- EXERCISE OBJECTIVE
Your copy should begin at the line containing "Motorista perde controle" and end at the last line of the records below, matching each line exactly and leaving out pictures.

- Items from a data source
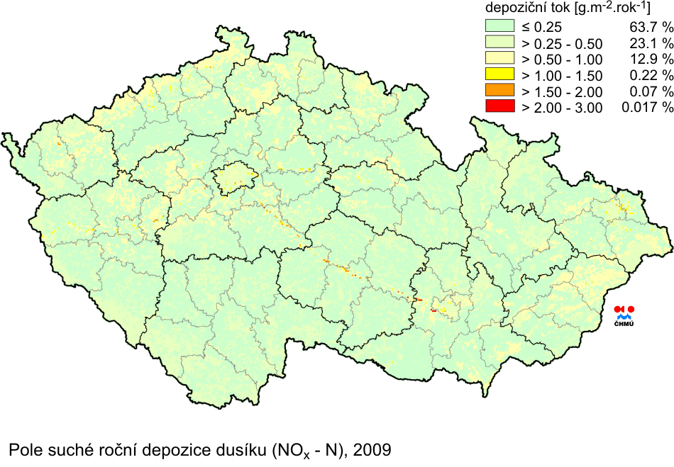 velikost se rovná 29 978 t na plochu ČR. Suchá depozice oxidovaných forem
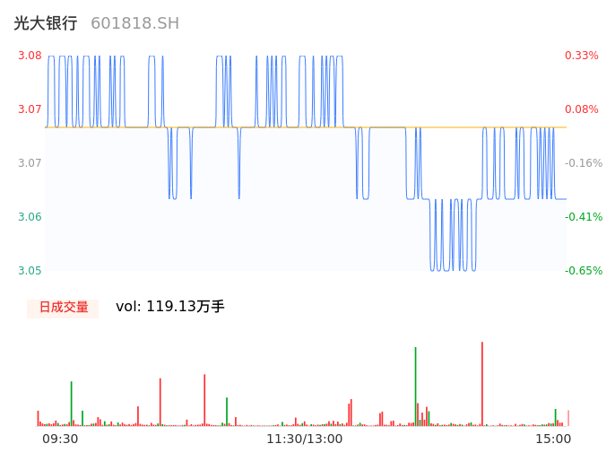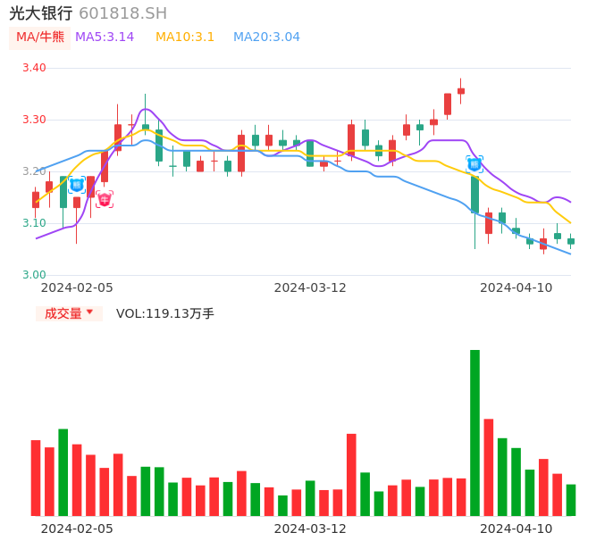 04月10日,光大银行收报3.06,股价涨幅-0.33%,成交金额3.65亿元,换手率0.26%。
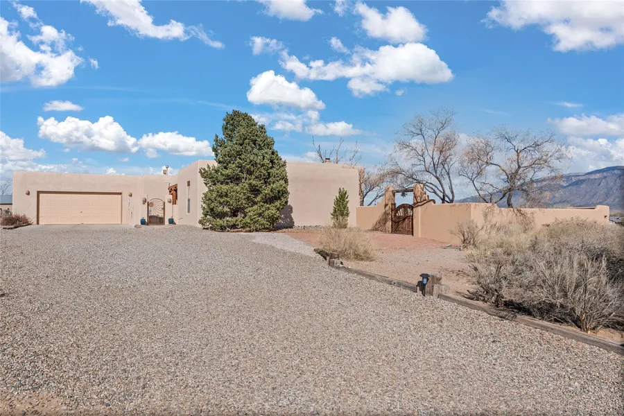 Incrediable Views from this updated SW custom home. Courtyard entry invites you into this gorgeous living room full of light and new tile. High ceilings, kiva fireplace and views of the mountains. Formal dining invites the views, kitchen w/custom cabinets, SS appleiances, easy access to service room and 2 car garage. Primary BR suite is separate, views and sitting area, garden style bath, 2 walk in closets. BR 2 and 3 share a full hall bath. East patio courtyard is spacious with kiva wood burning fireplace, patio dining area, room for garden and lawn area. The serenity, privacy and views make this property an amazing home.
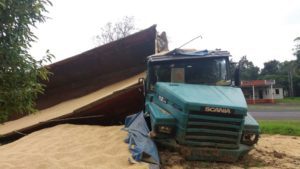 Motorista perde controle de carreta e tomba na BR-101 em Osório
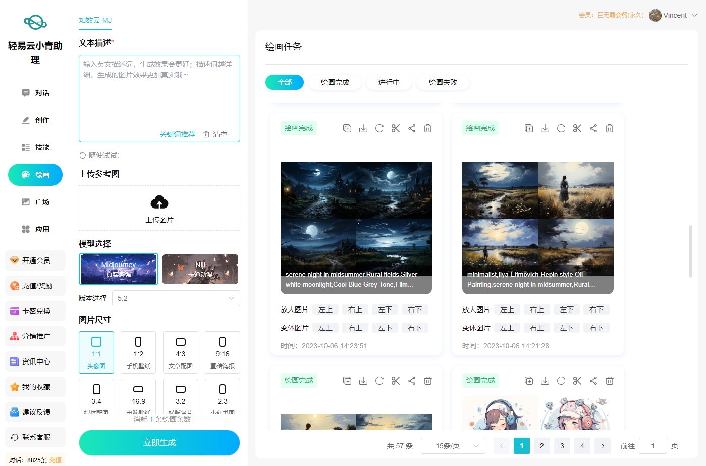 轻易云AI助手不仅具备常规功能,还集成Midjourney绘画和stablediffusion绘画技術,将艺术创作带入日常运作中。

- REPLY TO THE EXERCISE
 Motorista perde controle de carreta e tomba na BR-101 em Osório
 轻易云AI助手不仅具备常规功能,还集成Midjourney绘画和stablediffusion绘画技術,将艺术创作带入日常运作中。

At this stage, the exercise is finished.